Katherine Szarama, PhD, Named Acting CBER Director: Who’s Next?

The FDA’s Center for Biologics Evaluation and Research (CBER) sits at the nexus of vaccine, blood product and emerging gene‑therapy approvals. Its regulatory decisions affect billions of dollars in R&D spend and shape market entry for biotech firms. A sudden leadership change, therefore, reverberates through product pipelines, investor confidence, and the broader public‑health agenda. Szarama’s appointment as acting director underscores the agency’s need for continuity while it searches for a long‑term steward.

Katherine Szarama brings a blend of scientific expertise and cross‑agency experience. A trained biologist, she previously served as CBER’s deputy director and held senior roles at the Centers for Medicare & Medicaid Services, Emerson Collective and ARPA‑Health. Her brief tenure at the FDA, beginning late last year, equips her with insider knowledge of the center’s operational challenges, yet her acting status signals that the administration is keeping options open for a more politically seasoned leader. This interim period allows the agency to maintain momentum on critical reviews without committing to a permanent policy direction.

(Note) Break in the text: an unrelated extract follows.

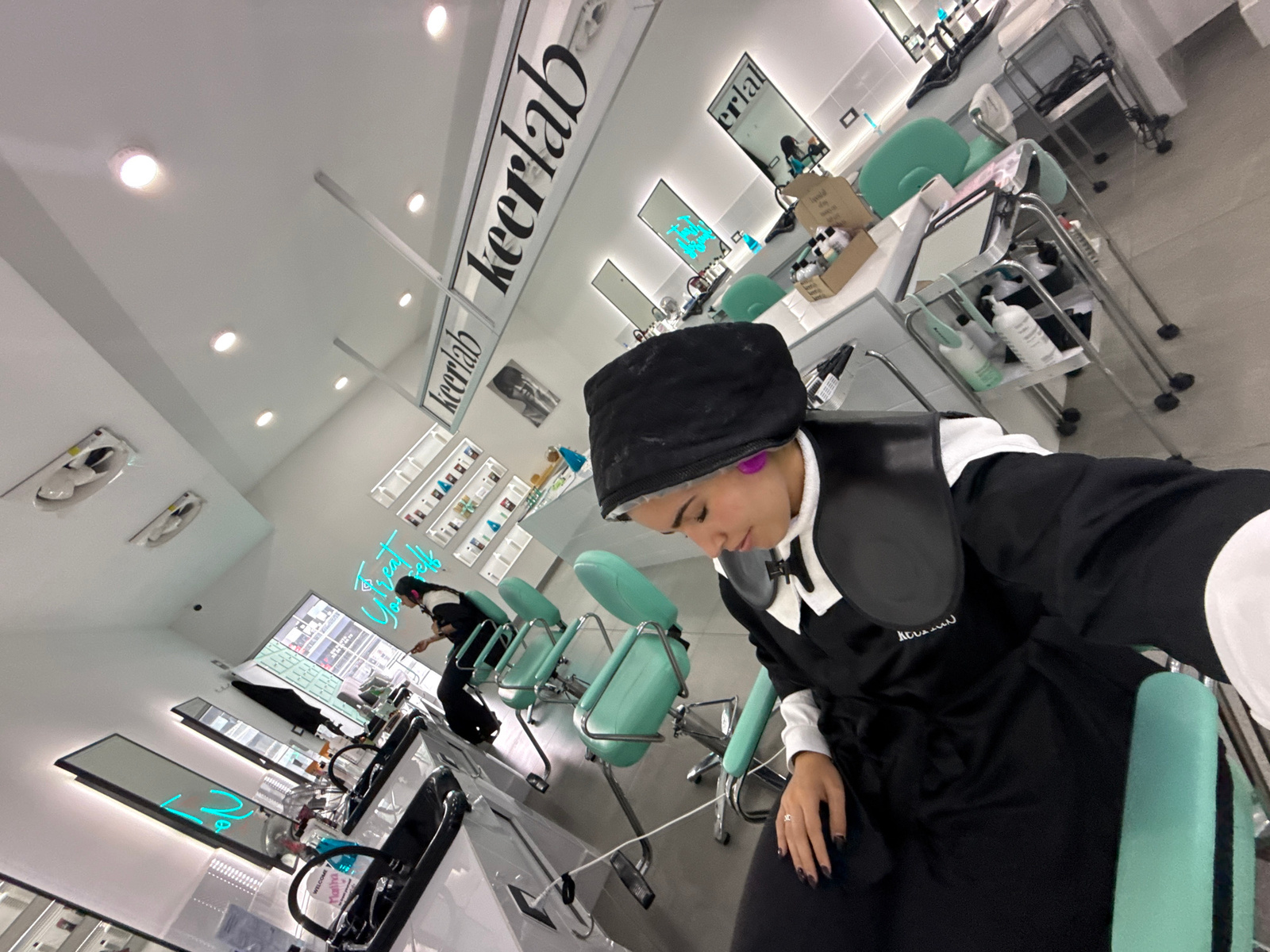Here is a description of the image: The photo captures the interior of a hair salon, likely located in San Bernardino Tlaxcalancingo, Mexico. The dominant feature is a woman in the foreground seated…read more
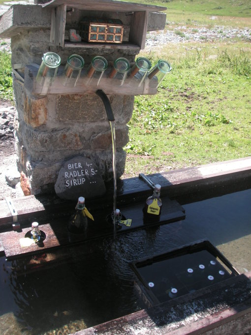 Wer zu Fuss zur Alp Sardasca geht, trifft immer wieder auf Brunnen (Trinkwasser).

Speculation about the permanent CBER chief centers on two prominent candidates: ophthalmologist Houman Hemmati, a frequent Fox News commentator, and epidemiologist Stefan Baral, a Hopkins researcher with COVID‑19 publications. Both bring distinct strengths—media savvy versus academic credibility—but each must navigate a politically charged environment, especially with vaccine hesitancy and high‑profile legal battles looming. The eventual appointment will influence how CBER balances scientific rigor with external pressures, impacting everything from clinical trial timelines to the strategic planning of biotech companies seeking FDA clearance.